More must be done to encourage young people to travel by bus, says the report. “England’s patchwork of local youth concessions requires a coherent national approach to ensure fair access and to drive economic growth and equal opportunity.”
The DfT’s review of the English National Concessionary Travel Scheme should consider piloting a free bus pass for under-22s, valid for travel at any time of day, the committee recommends.
The committee points out that bus service patronage has been falling. DfT data shows that the number of bus journeys taken in England outside of London fell from?4.6bn in 2009 to 3.6bn?in 2024, a reduction of 21.7%. The County Councils Network reported that, between 2019 and 2024, bus services decreased by 18% on average in areas covered by county and unitary councils.
“Despite this period of decline, buses remain the most-used form of public transport in the country,” says the report.
“The Government now seeks to turn the sector’s poor fortunes around with provisions in its Bus (No.2) Services Bill.”
The legislation aims to: make it easier for more councils to set up franchised services; to support collaborations between private bus firms and councils under Enhanced Partnerships; and to provide a definition of and require local authorities to list ‘socially necessary services’.
Transport Committee Chair Ruth Cadbury MP said: “Buses are fundamental to many people’s quality of life.

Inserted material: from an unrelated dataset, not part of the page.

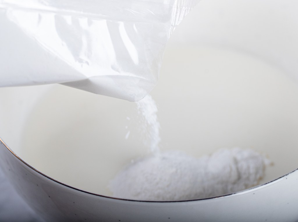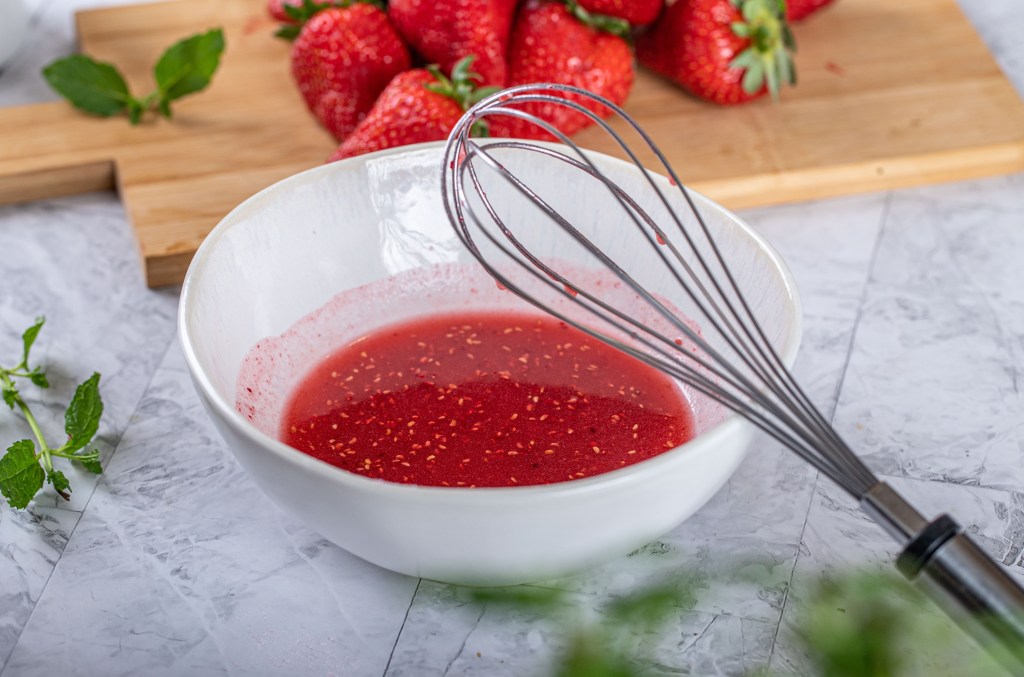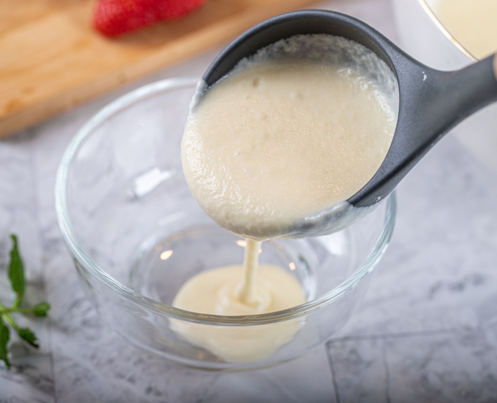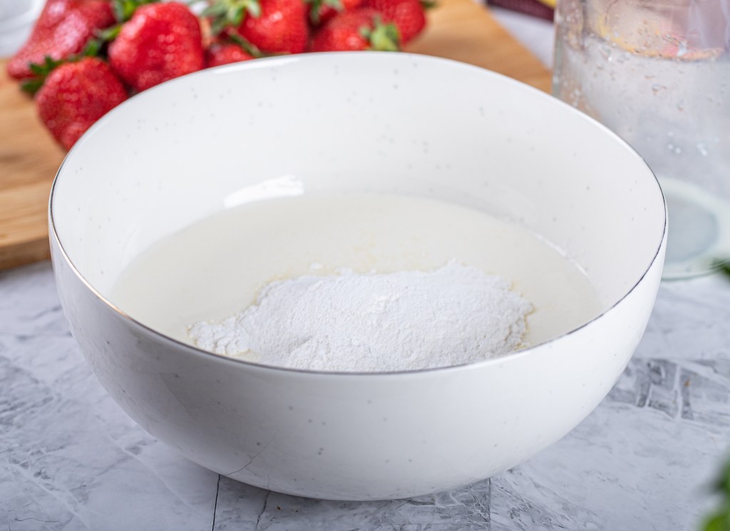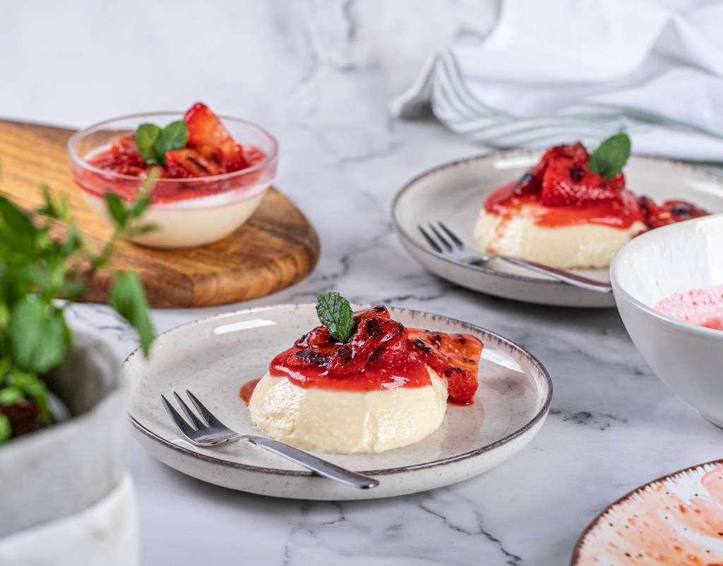 U zdjelu srednje veličine ulijte mlijeko i vrhnje za kuhanje. Dodajte sadržaj vrećice za panna cottu te miksajte električnim mikserom na srednjoj brzini 1 minutu. Ukoliko želite desert preokrenuti iz zdjelice kada se ohladi onda obavezno zdjelice isperite hladnom vodom prije ulijevanja panna cotta kreme. Ukoliko ju poslužujete u zdjelici onda slobodno preskočite ispiranje. Sipajte kremu te zdjelice stavite u hladnjak dok napravite preljev i ispečete jagode.

Without them, residents on low incomes, older and younger people, face social exclusion or being cut off from employment and services like hospitals or education. In many areas that is tragically already the case.”
She calls for a change in the funding model to ensure councils and bus firms would be committed to running socially necessary services. The DfT should also adopt an ambition for all councils to develop and maintain a minimum level of public transport connectivity. “To achieve this the sector will need greater financial certainty, which is why we say the Government should announce funding in five-year blocks,” said Cadbury.
“Those most affected by unreliable or even non-existent buses include the young, who need them to get to school, college, university and their first jobs. Denying young people these experiences denies them their life chances. We call for a universal, free bus pass for all under-22s to equalise opportunity.”
Cadbury added: “Franchising works for London and Manchester but is unlikely to be a silver bullet for the rest of the country. Many local councils’ workforces now lack the skills and capacity to suddenly start overseeing bus services. We therefore say that the Bus Centre of Excellence should be expanded to provide more targeted support and training.